Differences in changes in bidimensional products by imaging plane
A second finding of interest was the determination whether the rate of D values >25% were the same in all three imaging planes. We recorded the number of times a D value ≥25% was seen for each imaging plane to compute the total numbers of such measures. We also determined, for each reader, the median difference between the change in BPs between the first reading in the axial plane (termed D ax ), sagittal plane (D sag ) and coronal plane (D cor ). These median values for these measurements are recorded in Table 1.
Differences in changes in bidimensional products by tumor
We recorded the number of times a D value >25% was seen for each tumor in order to determine whether specific tumors were associated with higher rates of D values >25%.
Differences in changes in bidimensional products by observer
We calculated the number of times each observer produced a D > 25% in any plane. In order to introduce a further measure of extent of disagreement within observers, we also measured how often D values were >50%.
We recorded number of D values for individual observers in each plane and also number of D values for radiology residents and practicing radiologists. We also determined whether the rate of D values >25% was substantially different for preoperative tumors as compared to tumors that had undergone partial resection.
Discordance in tumor status determinations between readings
We did not ask observers to provide a designation as to tumor status (i.e., partial response, stable or progression) according to Macdonald criteria. However, we were able to retrospectively assign tumor status based on each reading. Thus, on the first reading, if the difference in tumor size measurements was >25% in any one plane, we designated the status as progressive disease (PD). For changes in tumor size <25% or with a decrease in size of <50% in all imaging planes, the status was designated as stable disease (SD).
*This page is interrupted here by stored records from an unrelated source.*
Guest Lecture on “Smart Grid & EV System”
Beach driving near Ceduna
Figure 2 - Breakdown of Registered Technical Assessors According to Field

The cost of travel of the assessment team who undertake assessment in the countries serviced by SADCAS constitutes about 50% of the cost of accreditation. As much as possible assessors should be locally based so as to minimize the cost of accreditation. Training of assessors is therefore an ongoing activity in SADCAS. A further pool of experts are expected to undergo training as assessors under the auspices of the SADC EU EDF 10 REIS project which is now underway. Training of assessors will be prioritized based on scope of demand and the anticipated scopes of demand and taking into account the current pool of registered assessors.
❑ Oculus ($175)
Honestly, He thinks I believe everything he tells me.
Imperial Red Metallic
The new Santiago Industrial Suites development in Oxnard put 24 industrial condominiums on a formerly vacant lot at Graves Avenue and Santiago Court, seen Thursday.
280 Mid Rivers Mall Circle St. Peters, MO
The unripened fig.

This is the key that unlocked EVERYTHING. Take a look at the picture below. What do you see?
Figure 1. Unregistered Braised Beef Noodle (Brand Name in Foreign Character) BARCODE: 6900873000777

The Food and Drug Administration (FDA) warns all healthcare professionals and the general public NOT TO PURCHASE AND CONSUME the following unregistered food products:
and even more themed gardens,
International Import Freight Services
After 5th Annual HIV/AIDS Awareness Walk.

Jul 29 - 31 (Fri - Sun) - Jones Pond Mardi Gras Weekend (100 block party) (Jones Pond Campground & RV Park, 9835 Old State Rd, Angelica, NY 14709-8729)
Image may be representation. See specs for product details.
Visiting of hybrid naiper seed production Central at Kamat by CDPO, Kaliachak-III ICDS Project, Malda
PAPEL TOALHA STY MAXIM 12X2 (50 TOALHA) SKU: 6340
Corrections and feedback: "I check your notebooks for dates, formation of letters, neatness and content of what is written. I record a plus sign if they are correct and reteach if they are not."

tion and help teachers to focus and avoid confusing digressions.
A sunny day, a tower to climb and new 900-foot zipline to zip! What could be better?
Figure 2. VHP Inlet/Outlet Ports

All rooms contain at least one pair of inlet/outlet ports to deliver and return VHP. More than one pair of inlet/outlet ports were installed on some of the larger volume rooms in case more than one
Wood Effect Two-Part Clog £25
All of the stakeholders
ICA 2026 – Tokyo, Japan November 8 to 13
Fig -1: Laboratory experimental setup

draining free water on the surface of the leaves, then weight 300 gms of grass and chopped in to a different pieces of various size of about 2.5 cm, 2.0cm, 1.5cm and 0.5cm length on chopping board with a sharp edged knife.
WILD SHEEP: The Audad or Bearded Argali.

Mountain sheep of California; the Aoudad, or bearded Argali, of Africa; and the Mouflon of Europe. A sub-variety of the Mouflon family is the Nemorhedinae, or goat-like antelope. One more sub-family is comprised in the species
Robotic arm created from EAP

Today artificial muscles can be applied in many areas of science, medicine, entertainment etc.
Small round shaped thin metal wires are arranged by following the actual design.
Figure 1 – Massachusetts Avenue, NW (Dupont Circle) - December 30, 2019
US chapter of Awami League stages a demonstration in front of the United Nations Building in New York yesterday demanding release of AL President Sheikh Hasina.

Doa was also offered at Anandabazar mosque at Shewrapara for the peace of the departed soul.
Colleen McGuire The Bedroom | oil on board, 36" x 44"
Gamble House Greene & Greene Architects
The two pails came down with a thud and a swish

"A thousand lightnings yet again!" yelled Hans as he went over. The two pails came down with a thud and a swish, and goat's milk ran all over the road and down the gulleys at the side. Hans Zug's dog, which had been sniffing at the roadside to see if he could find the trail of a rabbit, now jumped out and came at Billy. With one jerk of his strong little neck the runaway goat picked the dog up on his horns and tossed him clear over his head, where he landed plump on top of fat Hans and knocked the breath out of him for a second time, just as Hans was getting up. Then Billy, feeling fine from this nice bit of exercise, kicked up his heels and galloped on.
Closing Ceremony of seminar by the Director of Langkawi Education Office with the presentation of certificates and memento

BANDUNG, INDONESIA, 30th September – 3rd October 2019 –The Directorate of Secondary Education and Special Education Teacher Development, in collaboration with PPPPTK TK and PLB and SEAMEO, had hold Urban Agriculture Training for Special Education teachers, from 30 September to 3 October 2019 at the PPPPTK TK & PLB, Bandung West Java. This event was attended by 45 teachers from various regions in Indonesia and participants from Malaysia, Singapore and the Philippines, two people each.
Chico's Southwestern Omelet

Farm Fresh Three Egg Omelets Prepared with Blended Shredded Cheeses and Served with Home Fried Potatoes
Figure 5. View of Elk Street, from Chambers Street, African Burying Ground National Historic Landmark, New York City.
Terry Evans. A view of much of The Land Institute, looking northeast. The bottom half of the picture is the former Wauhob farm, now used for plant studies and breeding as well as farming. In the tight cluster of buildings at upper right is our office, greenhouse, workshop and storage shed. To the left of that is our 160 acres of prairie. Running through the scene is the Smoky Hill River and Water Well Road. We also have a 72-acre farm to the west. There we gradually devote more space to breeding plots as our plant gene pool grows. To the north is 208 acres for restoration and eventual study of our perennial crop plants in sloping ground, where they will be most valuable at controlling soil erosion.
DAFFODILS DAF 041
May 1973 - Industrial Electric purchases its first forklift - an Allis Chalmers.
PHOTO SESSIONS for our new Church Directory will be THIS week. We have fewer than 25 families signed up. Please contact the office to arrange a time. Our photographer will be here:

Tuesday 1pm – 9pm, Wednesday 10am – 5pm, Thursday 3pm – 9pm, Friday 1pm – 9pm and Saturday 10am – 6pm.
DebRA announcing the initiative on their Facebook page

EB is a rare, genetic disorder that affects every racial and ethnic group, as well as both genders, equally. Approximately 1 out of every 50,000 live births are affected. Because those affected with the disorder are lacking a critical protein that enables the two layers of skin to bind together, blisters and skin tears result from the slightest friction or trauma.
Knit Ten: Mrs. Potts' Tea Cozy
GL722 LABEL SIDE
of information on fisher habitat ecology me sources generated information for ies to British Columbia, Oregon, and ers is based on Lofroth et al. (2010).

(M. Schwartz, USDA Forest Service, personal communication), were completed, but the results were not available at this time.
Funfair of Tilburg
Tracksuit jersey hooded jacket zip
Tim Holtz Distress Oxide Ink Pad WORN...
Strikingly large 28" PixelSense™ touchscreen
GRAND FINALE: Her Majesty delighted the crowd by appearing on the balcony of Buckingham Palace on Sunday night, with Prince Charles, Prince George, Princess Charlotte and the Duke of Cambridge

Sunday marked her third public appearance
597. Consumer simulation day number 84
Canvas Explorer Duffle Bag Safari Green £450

If a decrease in tumor size exceeded 50% in any imaging plane, the tumor was designated as showing partial response (PR). If all enhancing tumor was absent on the second scan, the tumor was designated as showing complete response. Because seven observers measured ten tumors, 70 possible concordance or discordance events were possible.
We next examined the rate of discordance of progression/stable disease according to imaging plane. A total of 70 possible concordance or discordance events existed in the axial plane, 70 possible events in the coronal plane and (because sagittal measurements were solely available in eight tumors), 56 possible events in the sagittal plane.
Statistical analysis
Calculations were obtained using Microsoft Excel 2008 for Mac (Microsoft; Redmond, WA). Plots were generated with Prism for Mac, version 5.0d (GraphPad Software; La Jolla, CA).
Results
As an estimate of the range of tumor sizes, the range of the mean BP in the axial plane on the first scan was 2.1–11.27 cm2 (mean 6.8 cm2).
Differences in bidimensional products on either the first or second reading
In the axial plane, median ΔBP1 and ΔBP2 values ranged from −23 to 16.1%, in the coronal plane, from −29.7 to 18.1% and in the sagittal plane from −43.6 to 11.5%. Note that unlike the D values displayed later (which are absolute values), the ΔBP1 and ΔBP2 values can have positive or negative values depending on whether BP on the follow-up scan greater or less than the initial scan.
Differences in change in bidimensional products between readings
D values (Table 1) ranged between 12.4 and 33.6% in the axial plane (average 20.6%), 12.2 and 38.6% in the coronal plane (average 26.8%) and 15.1 and 35.5% in the sagittal plane (average 26.1%).
Differences in changes in bidimensional products by imaging plane
For all tumors, across measurements in all imaging planes, 88 of the 196 (45%) measures of D were >25% (Table 2). These included 23 D values >25% in the axial plane (33% of axial readings), 36 D values >25% in the coronal plane (51% of coronal readings) and 29 D values ≥25% in the sagittal plane (52% of sagittal readings). The number of D values >50% were 9 (13%) in the axial plane, 17 (24%) in the coronal plane and 8 (14%) in the sagittal plane.
Median D values in each plane for each observer are shown in Table 1. The average of D values in the axial plane for all observers was 20.63% in the axial plane, 26.84% in the coronal plane, and 26.11% in the sagittal plane.
Differences in changes in bidimensional products by tumor
Figure 2 shows that in 8 tumors (i.e., all except tumors 2 and 9), more than half of observers (i.e., >4) recorded D values >25% in at least one plane. In 4 tumors (i.e., tumors 4–7), more than half the observers produced D values >25% in two imaging planes. Tumors 1, 3, 5, 7, and 9 had resection cavities. The occurrence of D values >25% was very similar for those tumors as for the remaining tumors (Fig. 2). Therefore, presence or absence of a resection cavity did not substantially affect observer performance.
Differences in changes in bidimensional products by observer
Numbers of observers for whom D was >25% in any plane are shown in Fig. 2. For all observers and for any single tumor, a D value <25% was produced in all imaging planes in only 24% of cases. For radiology residents, this value was attained in only 15% of tumors; for radiologists, the value was attained in 37% of cases.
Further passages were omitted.